I've tried the setup with both Network Monitoring enabled and disabled. The problem remains the same.

Here's a table of running those Ansible ping tests. For example see how things vary right after a fresh Netbird restart late last night on the peer doing the testing (Independence), a few hours later, this morning and then again after another fresh restart of Netbird moments ago:

Host | After NB Restart | Hours Later  | Next Morning | Fresh NB Restart | Location            |
|-------------------------------|---------------|-----------------|-----------------|---------------|---------------------|
| amurmaple.anon-ZDXFz.domain   | ✅            | ❌              | ❌              | ✅            | Datacenter #2 (QB)  |
| beatrice.anon-ZDXFz.domain    | ✅            | ❌              | ✅              | ✅            | Studio              |
| bigleafmaple.anon-ZDXFz.domain| ❌            | ❌              | ❌              | ❌            | Datacenter #2 (QB)  |
| boaz.anon-ZDXFz.domain        | ❌            | ❌              | ❌              | ❌            | Office              |
| cyprus.anon-ZDXFz.domain      | ✅            | ❌              | ✅              | ✅            | Datacenter #1 (CA)  |
| falstaff.anon-ZDXFz.domain    | ❌            | ❌              | ❌              | ❌            | Home                |
| franklin.anon-ZDXFz.domain    | ✅            | ❌              | ✅              | ✅            | Studio              |
| independence.anon-ZDXFz.domain| ✅            | ✅              | ✅              | ✅            | Studio              |
| juniper.anon-ZDXFz.domain     | ✅            | ✅              | ✅              | ✅            | Datacenter #1 (CA)  |
| madison.anon-ZDXFz.domain     | ✅            | ✅              | ✅              | ✅            | Home                |
| maple.anon-ZDXFz.domain       | ✅            | ✅              | ✅              | ❌            | Datacenter #2 (QB)  |
| mesquite.anon-ZDXFz.domain    | ✅            | ❌              | ❌              | ✅            | Datacenter #1 (CA)  |
| oberon.anon-ZDXFz.domain      | ✅            | ✅              | ❌              | ✅            | Home                |
| rahab.anon-ZDXFz.domain       | ❌            | ❌              | ❌              | ❌            | Office              |
| rosalind.anon-ZDXFz.domain    | ✅            | ✅              | ✅              | ✅            | Studio              |
| spruce.anon-ZDXFz.domain      | ✅            | ✅              | ❌              | ✅            | Datacenter #1 (CA)  |
| sugarmaple.anon-ZDXFz.domain  | ✅            | ✅              | ✅              | ✅            | Datacenter #2 (QB)  |
| thomas.anon-ZDXFz.domain      | ❌            | ❌              | ❌              | ❌            | Office              |
| touchstone.anon-ZDXFz.domain  | ✅            | ✅              | ✅              | ✅            | Studio              |



Notably, a number of the failed peers, such as Mesquite and Amurmaple are the ones in data centers and their public connections to the Internet remain online even as they fail. Others, such as Franklin, are right next to the server (Independence) that is doing the testing -- those two are on the same switch on the same network. But not all systems on the same network fail (Touchstone is on the same network, for example) nor do all at the datacenter fail (Spruce is actually the bare metal server to which Mesquite is a container). So, I don't see a particular obvious "genre" of hosts that go down versus others that remain up.

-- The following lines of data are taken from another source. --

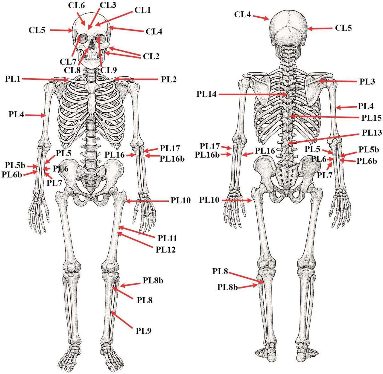 Схема пошкоджень на кістках Бели Ростиславовича. Hajdu et al. / Forensic Science International: Genetics, 2025
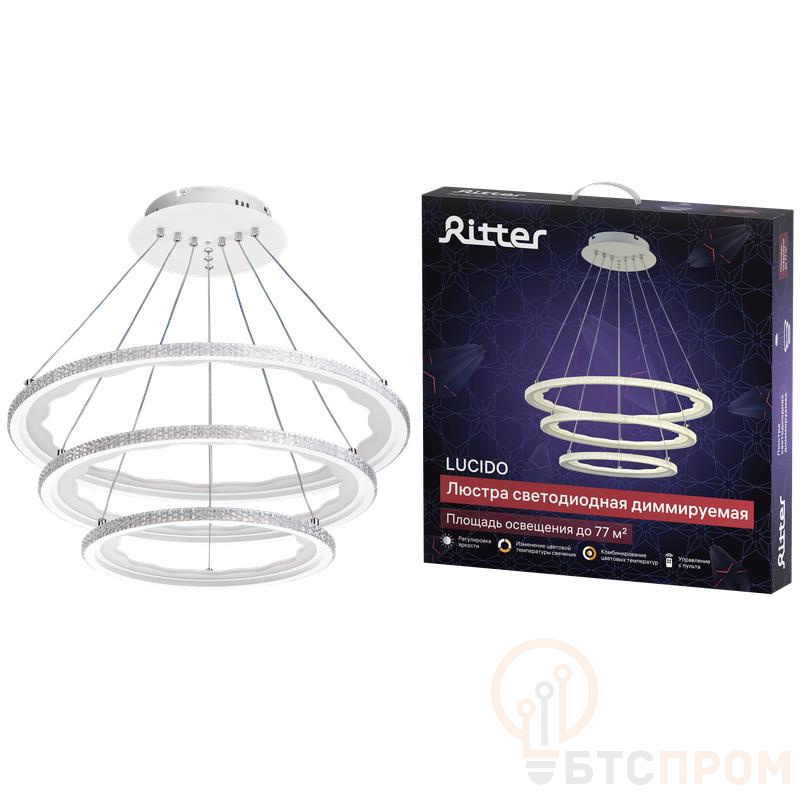 Люстра потолочная светодиодная диммируемая Ritter 51645 7 LUCIDO с ДУ — это масштабная модель 600x1000 мм с рекордной мощностью 254Вт. Освещает площадь до 77 кв.м. Комбинированные режимы 2700K+6400K и другие. Белый корпус.
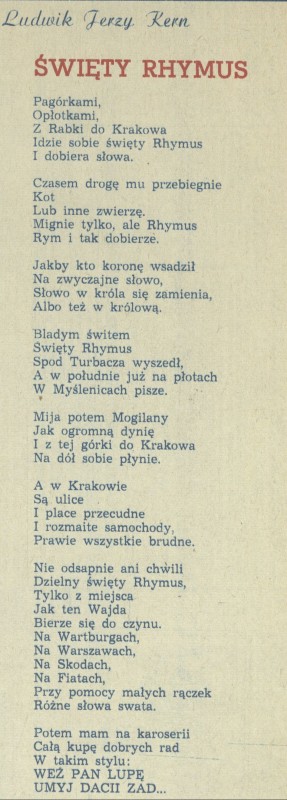 Archiwum / Rozmaitości [old] nr 1504 (05/1974) 47/51 Podziel się Tytuł Święty Rhymus Autor Ludwik Jerzy Kern Rubryka Rozmaitości [old] Artykuł z numeru 1504 (5/1974) Data wydania 3 lutego 1974
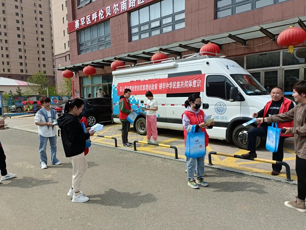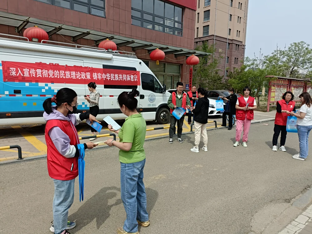 活动中,科普大篷车停靠在社区门口,志愿者们为周边居民发放科普宣传手册和环保购物袋,宣讲民族理论政策,还围绕中华民族共同体的基本内涵、铸牢中华民族共同体意识的重大意义、做“铸牢中华民族共同体意识”坚定的践行者等方面进行了宣讲学习。
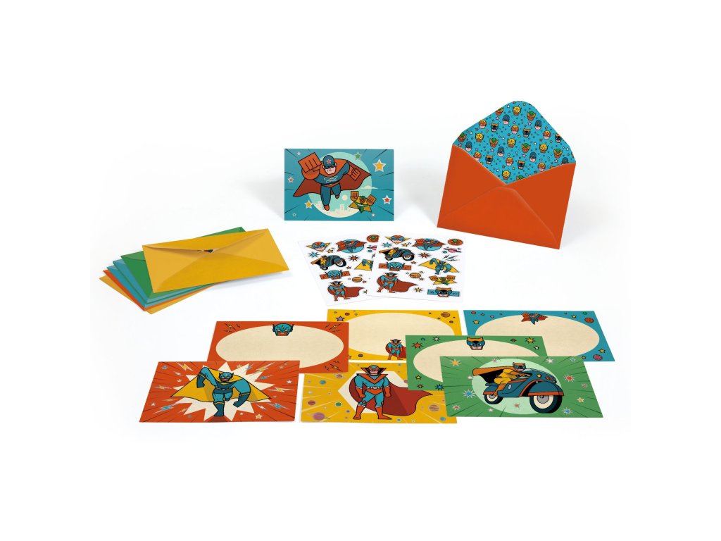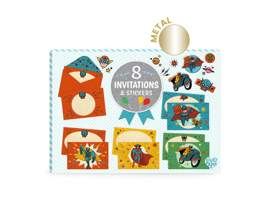 Pozvánky & samolepky Superhrdinovia Pozvi kamarátov ako superhrdina: štýlové pozvánky s obálkami a samolepkamiPozvánky & samolepky Superhrdinovia sú papierenská sada na detskú oslavu, vďaka ktorej pripravíš pozvánky rýchlo a s „wow“ efektom.V balení nájdeš 8 ilustrovaných pozvánok, 8 zladených obálok a 2 hárky samolepiek na dozdobenie.Kombinácia metalického efektu a matnej tlače zvýrazní farby a dodá pozvánkam originálny vzhľad.Rýchly prehľad odporúčaný vek: od 6 rokov téma: superhrdinovia počet pozvánok: 8 ks (4 dizajny po 2 kusy) v balení: pozvánky, obálky, 2 hárky samolepiekPrečo si ju deti zamilujú superhrdinský dizajn, ktorý okamžite navodí párty náladu samolepky na personalizáciu – každá pozvánka môže byť jedinečná metalické detaily dodajú pozvánkam prémiový vzhľad zladené obálky – všetko spolu dokonale ladíAko sa to používa Vyber pozvánku a dopíš dátum, čas, miesto a komu je určená. Dozdob ju samolepkami podľa nálady (meno, ikonky, „pow/bang“ štýl). Vlož pozvánku do obálky a môžeš rozdávať alebo posielať.Obsah balenia 8× pozvánka (4 dizajny po 2 kusy) 8× obálka (4 dizajny po 2 kusy) 2× hárok samolepiekTechnické parametre rozmery pozvánky: 16 × 11 cm rozmery balenia: 16,5 × 15 × 1 cm povrchová úprava: metalický efekt + matná tlač materiál: papier a kartón (FSC)Dodatočné parametre
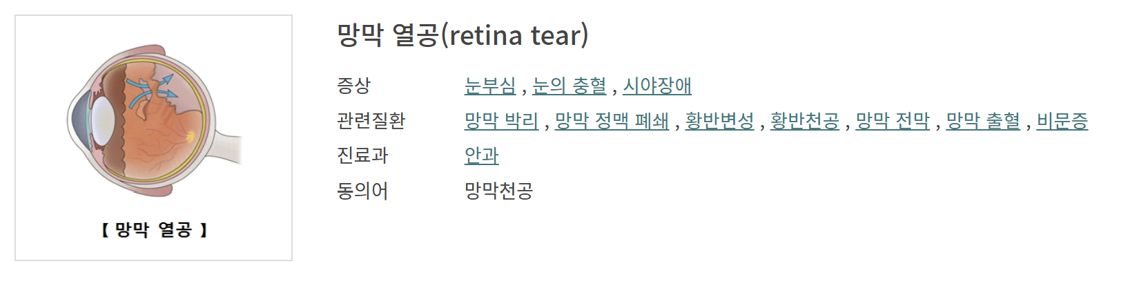 | 눈 외상 | 강한 충격이 망막열공을 유발 |

Maple and Spruce also utilize a HA network route to access a service (192.168.5.140) which Independence, Franklin, Beatrice and Touchstone are members of the route. It intermittently becomes unavailable, but if I restart netbird on either Maple or Spruce _and_ the four HA members, the route will begin working again.

You'll see Maple is listed as unavailable in the most recent test (coming from Independence), but if I ping it from Oberon, Maple remains available.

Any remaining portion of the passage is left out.